Основное мое увлечение в свободное время – музыка. Я участвую в некоторых музыкальных проектах, в основном, представленных в сети. В первую очередь, это группа «Комплексные числа», такое несколько наивное название родилось ещё до университета. Пишу «мэйнстримовую» электронную музыку, сочиняю тексты к песням (в основном на научно-фантастическую тематику), записываю аранжировки. Но сам не пою (у нас есть вокалистка) и на инструментах практически не играю.
Из кинематографа предпочитаю смотреть японские мультфильмы, а также умное, но не слишком авангардное, кино... Вот, из недавнего, например, понравился фильм «Жизнь других», рассказывающий о последних годах существования ГДР и психологии немцев при тоталитарном режиме.
Люблю научную фантастику…
Post scriptum.
…Не думаю, что у человека есть какое-то предназначение, после выполнения которого исчезает смысл жизни.
У меня есть творческие интересы, а также потребность передавать другим людям знания, мысли, эмоции, которые для меня важны. Но это мои потребности сейчас. Может быть, через 30 лет они изменятся, и я уйду в совершенно другую сферу…
Кто он, физик-теоретик, руководитель инициативных и поисковых исследований и… преподаватель Дальневосточной государственной Академии искусств?
– Расскажите о себе, родителях, семье, детстве. Когда вы решили, что станете ученым?
– Сейчас мне 29 лет. Когда я родился, в моей семье было сразу четверо взрослых, а ребенком был я один. В этом, применительно к моему воспитанию, были определенные плюсы, но и минусы. И родители, и дедушка с бабушкой имели отношение к преподавательским и инженерным профессиям, хотя собственно наукой в научном учреждении не занимался никто из них.

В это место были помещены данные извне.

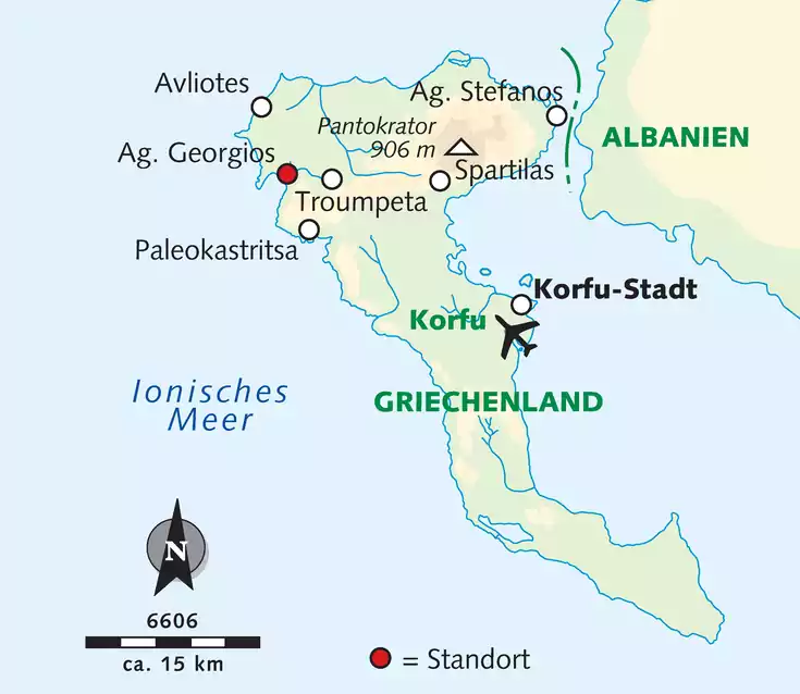 Hotel: Unser Drei-Sterne-Hotel Belle Helene mit 54 gut eingerichteten Zimmern ist mit einer Rezeption (Mietsafes), einem Lift und einer Bar ausgestattet. Die WLAN-Nutzung ist in der Lobby und an der Poolbar kostenfrei. Zwischen Hotel und Strand befindet sich der große Süßwasser-Pool mit einer Sonnenterrasse, Liegestühlen und Schirmen. Der Ausblick auf das Meer und die Bucht ist einmalig. Zimmer: Sat-TV, Kühlschrank, Telefon, Föhn, Klimaanlage (gegen Gebühr) und Balkon Verpflegung: Im Restaurant mit großer Fensterfront werden Frühstück und Abendessen eingenommen. Zweimal essen wir auswärts in Tavernen. Lage: In der von grünen Hügeln umgebenen Bucht von Agios Georgios/Pagon im Nordwesten der Insel. Ruhe und Erholung sind hier garantiert. Der Ort bietet uns auch ein bescheidenes, touristisches Ambiente mit einigen Bars, Tavernen und Geschäften. Nur eine kleine Straße trennt das Haus von dem etwa 3 km langen Sandstrand. Bis Korfu-Stadt sind es ca. 35 km.

Интерес к науке во мне пробудил дедушка, который еще до школы рассказывал мне об устройстве мира, дал элементарные сведения по ядерной физике, астрономии, устройству теплового двигателя... Я читал много популярных книг: от медицины до космологии, но долго не мог решить, куда пойти учиться. Выбор произошел по стечению обстоятельств: я победил на предметной олимпиаде по физике и получил право поступления без экзаменов на физический факультет, который и определил мою профессию.
– В каком вузе обучались, как и где устроились однокурсники, друзья, как складывался ваш путь в академическую науку?
– В 2001 году я окончил Институт физики и информационных технологий ДВГУ. На одном курсе со мной учились двое моих нынешних коллег по лаборатории – Максим Будянский и Михаил Улейский. Идея заниматься чем-то более серьезным, чем просто закончить институт и пойти в фирму программистом, пришла к нам еще на втором курсе. Обычно, именно в это время студентам приходится делать выбор специализации. Мы начали выяснять, где можно заниматься интересными научными проблемами. Со временем нам стало известно, что интерес к студентам (как к будущим сотрудникам) проявляют в Тихоокеанском океанологическом институте ДВО РАН. Мы до этого никогда не сталкивались с океанологией, нас больше привлекала ядерная физика, космология и другие «классические» области для теоретиков. Но вот удача – мы познакомились с доктором физико-математических наук Сергеем Владимировичем Пранцем, а он рассказал о теории нелинейных колебаний – почти неизвестной нам ранее междисциплинарной области, которая перевернула с ног на голову некоторые наши представления о современной науке и позволила увидеть новые интересные задачи во множестве областей естествознания. Так мы оказались в лаборатории нелинейных динамических систем ТОИ, поступили в аспирантуру, защитились.
– Расскажите об основных направлениях деятельности лаборатории, где вы работаете.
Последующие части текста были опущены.